“Jim and I passed no others in our life boat as we came south. Then those devils picked us up.”
“What about Jim?” Nancy asked.
“He had a nasty wound in his hip. Gangrene ended his misery two days after they put us in the prison camp. I’ve wished a thousand times it could have been me, too.”
Looking down on this wreck of a man, Nancy wondered how he had lived through the ordeal.
“Any Japs on the island where you three got ashore?” asked the major.

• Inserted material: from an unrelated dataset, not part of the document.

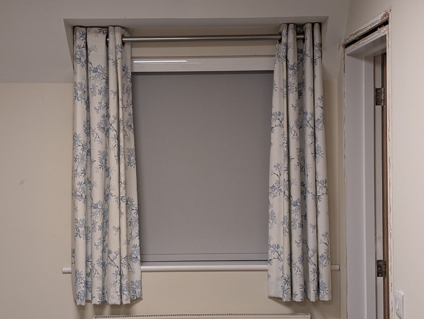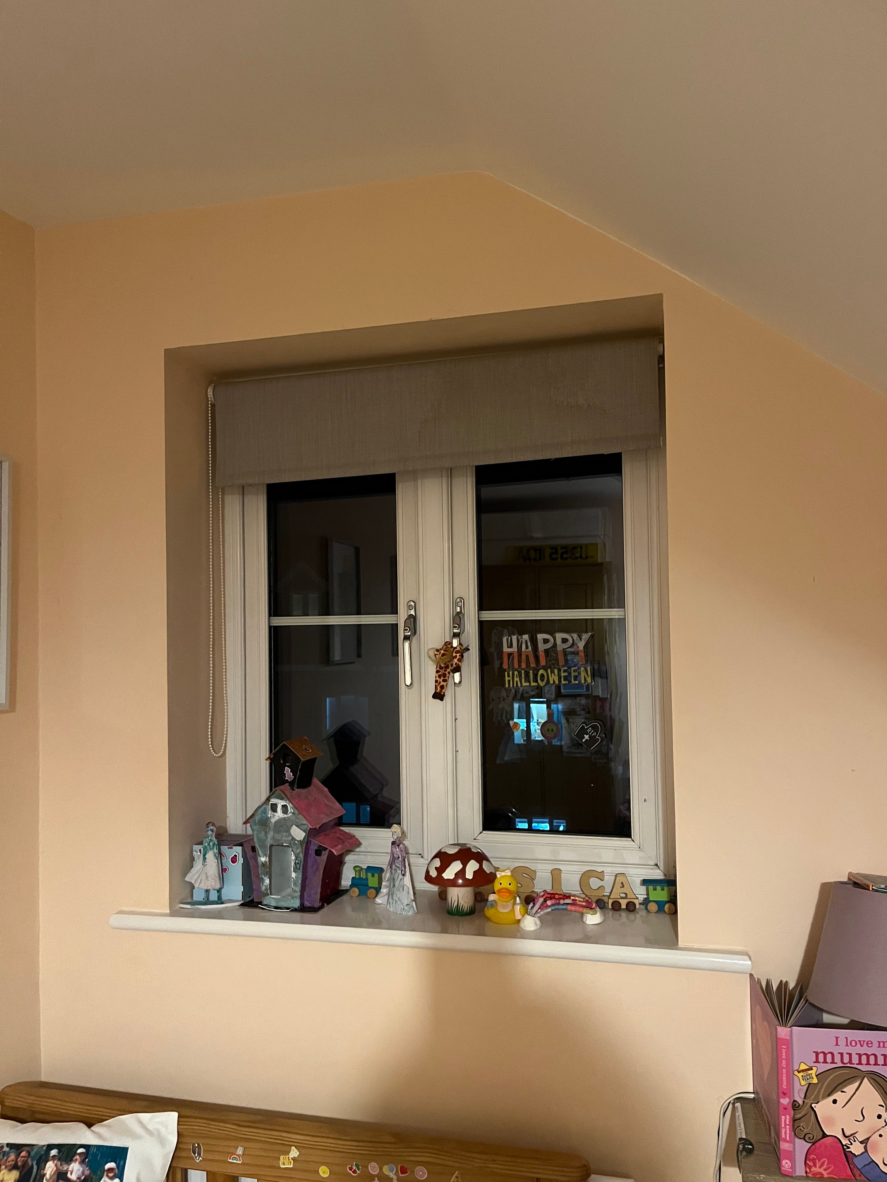 Daughter’s bedroom window lacks the space for a traditional curtain pole (some bugger put the roof in the way), so she’s slumming it with a roller blind. It does almost nothing for light, warmth etc. and flaps around with window open in the summer.

“No village there, or camp, nor any sign there’d ever been any. The place was a solid jungle, except for a narrow fringe of beach. But we did find a Jap plane wrecked on the reef. Her crew had evidently all been wiped out by our fire.”
“Was that where you got the information Captain Dale wanted you to bring back to us?”
Vernon nodded. “I brought the Jap papers away in the lining of my coat. Later when they were found on me those fiends stripped me of every rag for fear I might have more of their information hidden in my clothes.” Vernon managed a rueful smile. “That’s why you found me in only a loin cloth.”
“Did Tommy have water and food with him?” Nancy asked.
“You bet. There was a good spring close by. He didn’t need water, but we left him most of our food and medicine, and the supplies we took from the Zero. We put everything right to hand. Poor Tommy was already too miserable to crawl more than a few feet from where we left him.”